## Goal of the exercise
Output, exactly as written, the lines below from the one that has "上图效果,动态添加绑定rad" through the one that has "Почемучка, центр раннего"; nothing else, and no pictures.

## Records provided

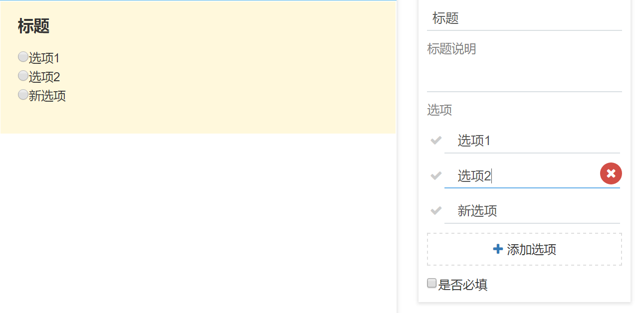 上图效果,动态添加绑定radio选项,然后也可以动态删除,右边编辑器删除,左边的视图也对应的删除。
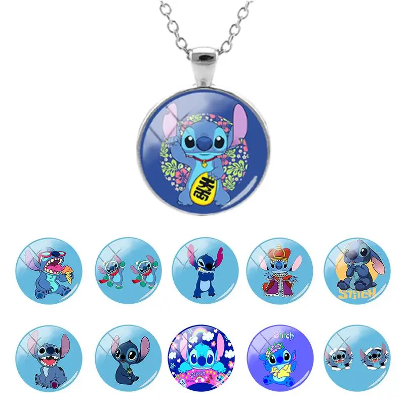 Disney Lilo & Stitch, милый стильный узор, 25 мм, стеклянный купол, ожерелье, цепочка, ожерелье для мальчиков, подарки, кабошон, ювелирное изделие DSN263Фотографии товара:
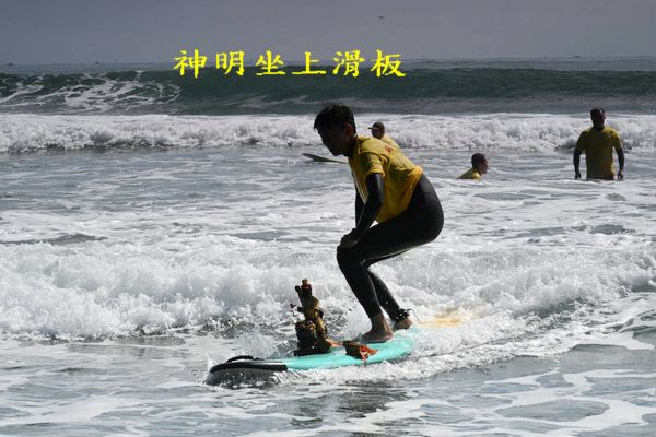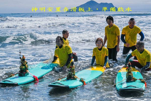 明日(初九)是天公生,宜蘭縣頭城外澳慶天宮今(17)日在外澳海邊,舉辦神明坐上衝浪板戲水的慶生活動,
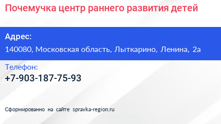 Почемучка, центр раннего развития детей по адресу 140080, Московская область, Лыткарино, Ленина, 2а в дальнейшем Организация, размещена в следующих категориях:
---
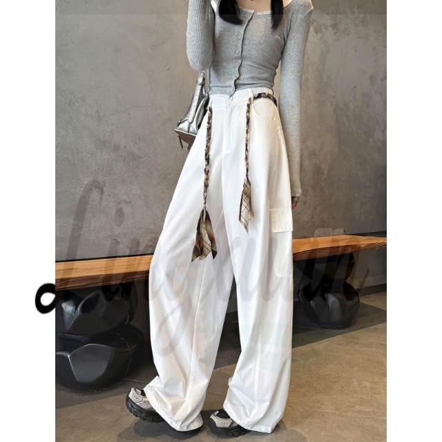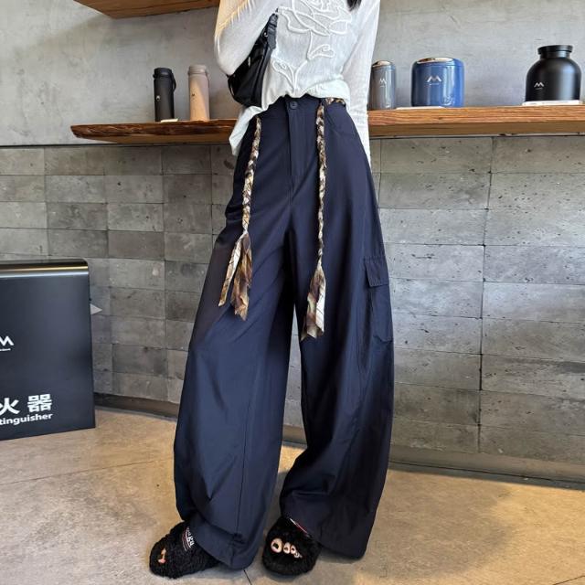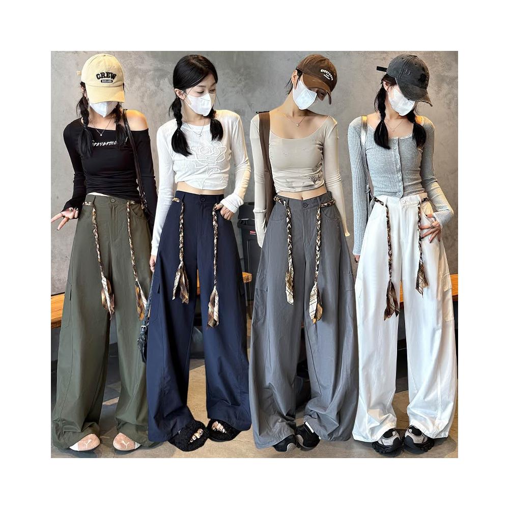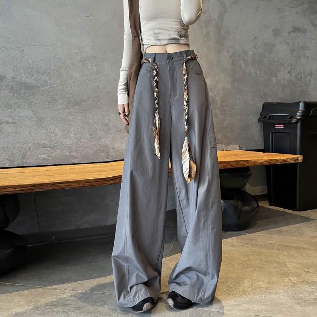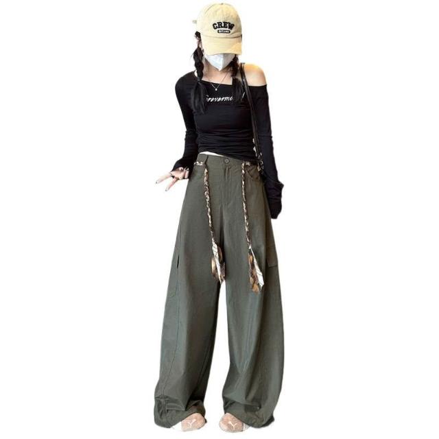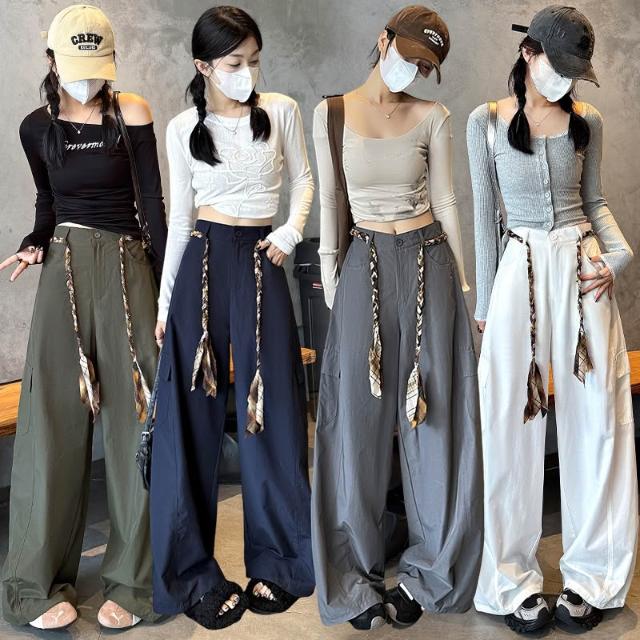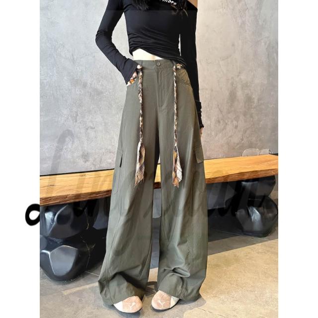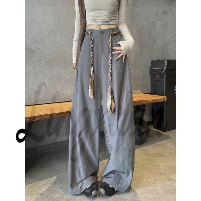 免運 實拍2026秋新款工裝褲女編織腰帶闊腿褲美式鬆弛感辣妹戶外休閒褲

## Exercise solution
 上图效果,动态添加绑定radio选项,然后也可以动态删除,右边编辑器删除,左边的视图也对应的删除。
 Disney Lilo & Stitch, милый стильный узор, 25 мм, стеклянный купол, ожерелье, цепочка, ожерелье для мальчиков, подарки, кабошон, ювелирное изделие DSN263Фотографии товара:
 明日(初九)是天公生,宜蘭縣頭城外澳慶天宮今(17)日在外澳海邊,舉辦神明坐上衝浪板戲水的慶生活動,
 Почемучка, центр раннего развития детей по адресу 140080, Московская область, Лыткарино, Ленина, 2а в дальнейшем Организация, размещена в следующих категориях:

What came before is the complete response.